Metamorphoses Book 11, Lines 100 - 128

The Midas touch

by Ovid

Midas, the King of Lydia, has done Bacchus, God of wine, a good turn by returning his foster-father Silenus, who has wandered under the influence of age and alcohol. As we will see, Midas will regret the use he makes of the wish that Bacchus grants him as a reward. All is well that ends well: Bacchus will tell Midas where to wash his unwanted gift away in a river that, naturally, will be famous for its golden sand for ever after.

In myth the Hesperides, or Daughters of the Evening, were famed for their golden apples, and Danaë was seduced by Jupiter in the form of a shower of gold.

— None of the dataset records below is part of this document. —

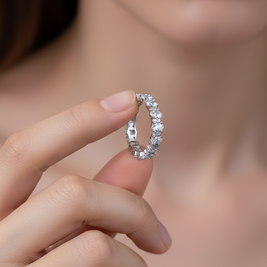 Step into your power with The Sovereign Oval. This isn't just a band; it's a statement of timeless luxury. Crafted from solid silver and featuring a continuous loop of oval stones, it’s the centerpiece your jewelry box has been waiting for. It’s giving Old Money aesthetic with a modern, sustainable twist. Wear the crown on your finger.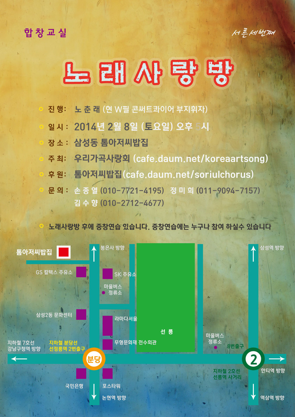 [스크랩] [홍보]2월8일 33회 노래사랑방 엽니다 작성자손종열|작성시간14.02.06|조회수17 목록 댓글 0 글자크기 작게가 글자크기 크게가 다음검색 스크랩 원문 : 우리가곡사랑회 현재 게시글 추가 기능 열기 북마크 공유하기 신고 센터로 신고 댓글 댓글 0 댓글쓰기 답글쓰기 댓글 리스트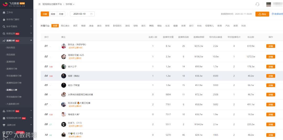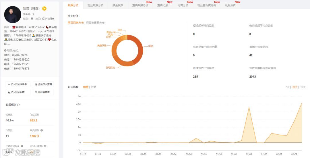 我们以2月10日直播达人排行榜中上升最快的“旭哥”分析介绍一下飞瓜快手的功能吧。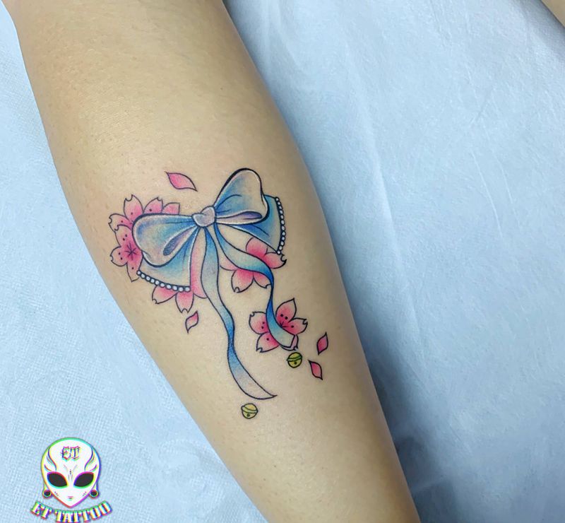 当前位置: 首页 >广东省东莞市纹身店-ET TATTOO纹身图案>蝴蝶结纹身图片_腿部水彩纹身图案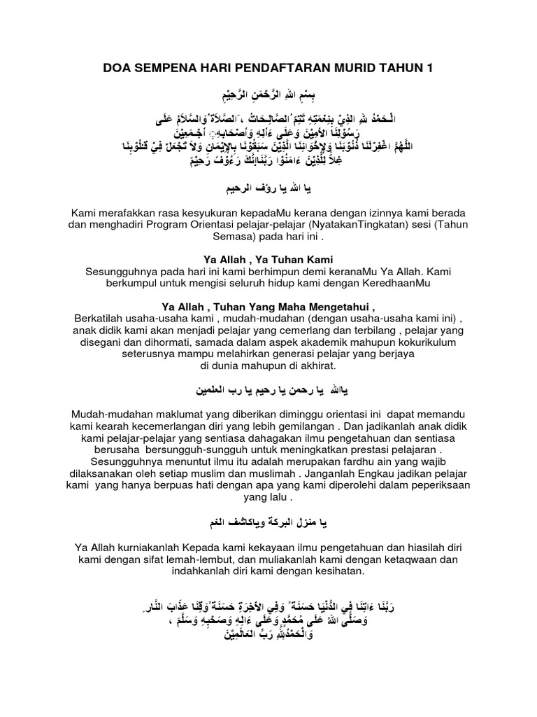 Doa Sempena Hari Pendaftaran Murid Tahun 1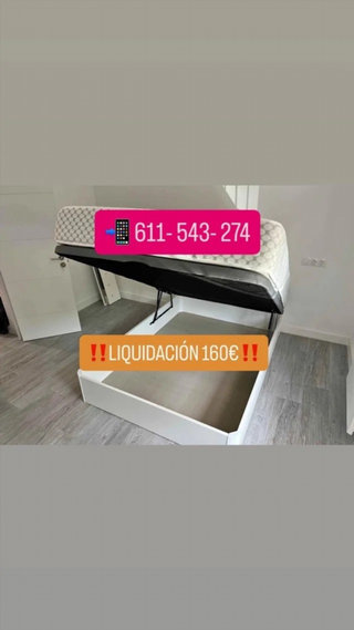 ¡Últimas unidades! Precios increíbles. 💥 Diseño resistente + gran capacidad interior. Precios (canapé / con colchón): 90×190 — 145 € / 220 € 105×190 — 150 € / 245 € 120×190 — 155 € / 250 € 135×190 — 155 € / 255 € 150×190 — 160 € / 265 € 160×200 — 220 € / 380 € 180×200 — 270 € / 440 € Envío 24H, transporte gratis, montaje 20 €, pago contra reembolso. Pregunta por fotos o vídeos reales.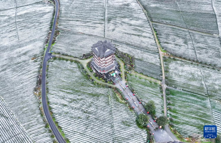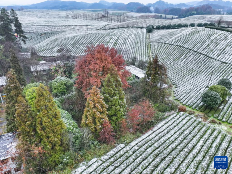 当日,位于贵州省遵义市湄潭县的万亩茶海迎来降雪,茶园被白雪覆盖,别有韵味。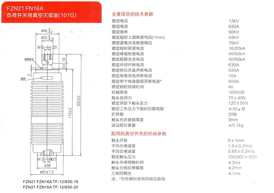 FZN21 FN16A負(fù)荷開關(guān)用真空滅弧室(101F)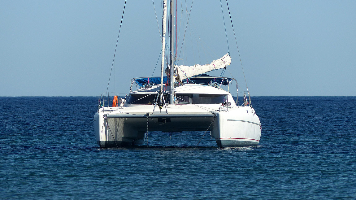 Draußen im Meer dümpelt ein toller Karamaran an seiner Ankerkette im sachten Wellengang...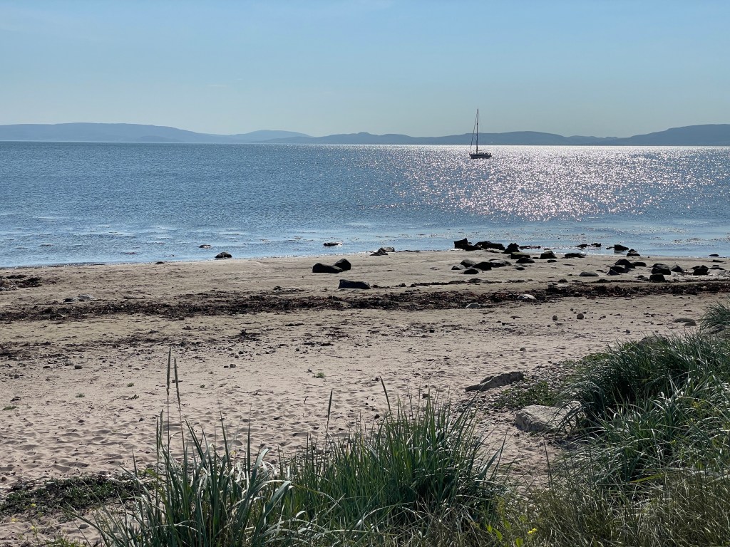 The penultimate day of our cruise offered the choice of sailing north up Kilbrannan Sound, leaving Arran to starboard, or the other way around, leaving Arran to port; it was flat calm at anchor, but the forecast was to fill in from the North East. We decided on heading to Lamlash, to anchor behind Holy Island, and after a period of motoring out of the wind shadow, we had a good sail along the south of Arran, gradually getting headed and having to aim more and more offshore; eventually, the wind had filled in with a F6 and quite unpleasant seas, but after tacking to head in towards Lamlash Bay, we were soon anchoring in still conditions near the Buddhist retreat on Holy Island. Before long, and for the first time in nearly 12 months, the over-boom sun awning had to be given its airing to provide shade from the overly hot sun.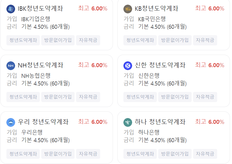 - 신청 방법: 신청 기간 동안 본인이 가입하려는 은행 앱을 통해 가입 신청 가능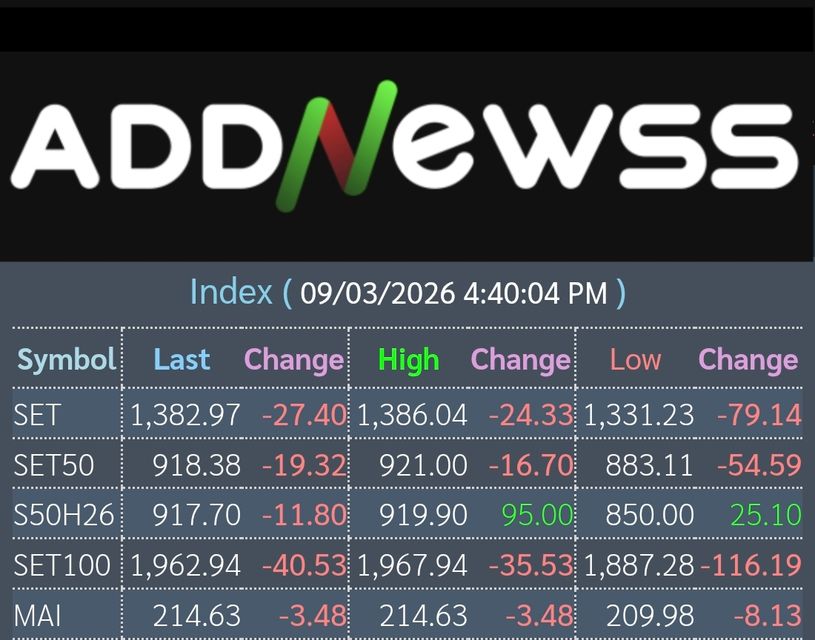 📊เย็นวันนี้ดัชนีตลาดหุ้นไทยปิดที่ 1,382.97 ลดลง -27.40 จุด หรือ -1.94%

To scroll the original and English translation of the poem at the same time - tap inside one box to select it and then scroll.

Huic deus optandi gratum, sed inutile, fecit
muneris arbitrium gaudens altore recepto.
ille male usurus donis ait ‘effice, quicquid
corpore contigero, fulvum vertatur in aurum.’
adnuit optatis nocituraque munera solvit
Liber et indoluit, quod non meliora petisset.
laetus abit gaudetque malo Berecyntius heros
pollicitique fidem tangendo singula temptat
vixque sibi credens, non alta fronde virentem
ilice detraxit virgam: virga aurea facta est;
tollit humo saxum: saxum quoque palluit auro;
contigit et glaebam: contactu glaeba potenti
massa fit; arentis Cereris decerpsit aristas:
aurea messis erat; demptum tenet arbore pomum:
Hesperidas donasse putes; si postibus altis
admovit digitos, postes radiare videntur;
ille etiam liquidis palmas ubi laverat undis,
unda fluens palmis Danaen eludere posset;
vix spes ipse suas animo capit aurea fingens
omnia. gaudenti mensas posuere ministri
exstructas dapibus nec tostae frugis egentes:
tum vero, sive ille sua Cerealia dextra
munera contigerat, Cerealia dona rigebant,
sive dapes avido convellere dente parabat,
lammina fulva dapes admoto dente premebat;
miscuerat puris auctorem muneris undis:
fusile per rictus aurum fluitare videres.
Attonitus novitate mali divesque miserque
effugere optat opes et quae modo voverat, odit.

Joyful to have Silenus back, Bacchus gave Midas the
welcome, but unprofitable, choice of a wish.
Midas, who would make poor use of the gift, said “grant
that whatever I touch be turned to shining gold!”
Bacchus granted the wish and gave the gift, harmful as
it was to be, and was sorry Midas had not asked for better.
Off goes Midas the hero and glories in his misfortune,
and tries out if his promised gift is real by touching things,
hardly believing his senses. From a low holm-oak
he plucked down a green twig: the twig was turned to gold;
he picked up a stone: the stone, too, gleamed with gold;
he picks up a clod from the ground: at the potent touch,
the clod becomes solid gold; he plucked dry ears of corn;
the harvest was golden; he holds an apple from a tree:
you’d think the Hesperides had given it; if he touches
the high doorposts with his fingers, the posts are seen
to shine; and when he washed his hands in water,
what flowed from them could have deceived Danaë; he
can barely mentally contain his hopes, turning everything
to gold. His servants spread the table for him in his joy,
covered in food and with no shortage of bread:
but then, if he touched the bread with his hand,
the gift of Ceres turned rigid, or if he eagerly
went for a mouthful with his teeth, his teeth
were clamping a sheet of gold; when he mixed
pure water with the wine of Bacchus, the giver of his gift,
you would have seen liquid gold flow into his open mouth.
Amazed at this sudden evil, enriched but impoverished,
he wants to escape wealth, hates what he just prayed for.